Final answer:
The rotational inertia of the tire, assuming it to be an annular ring, and using the oscillation method with a period of 1.76 seconds, is approximately 0.389 kg·m^2.
Step-by-step explanation:
To calculate the rotational inertia of the tire, we can model it as a solid cylinder or an annular ring and use the oscillation method. The rotational inertia, I, of an object can be determined using the period of oscillation, T, obtained from a physical pendulum setup:
I = (T^2*g)/(4*π^2) * m * r^2
Here, T is the period of oscillation which is 1.76 s, g is the acceleration due to gravity (9.8 m/s^2), m is the mass of the tire, and r is the radius at which the mass is concentrated.
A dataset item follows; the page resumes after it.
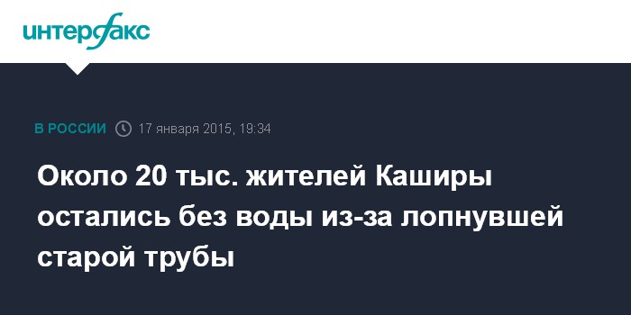 Москва. 17 января. INTERFAX.RU - В подмосковной Кашире около 20 тыс. человек остались без холодной воды из-за прорыва трубопровода, сообщается в субботу на сайте ГУ МЧС по Московской области.

For a tire, r would typically be the mean radius. Since the problem does not provide the exact mass distribution, we will estimate the mean radius (r) as the average of the inner and outer radius. The mean radius r = (0.38 m + 0.27 m) / 2 = 0.325 m,
Therefore, the rotational inertia I = (1.76^2 * 9.8)/(4*π^2) * 5.2 kg * (0.325 m)^2 ≈ 0.389 kg·m^2.
The rotational inertia of the tire is approximately 0.389 kg·m^2.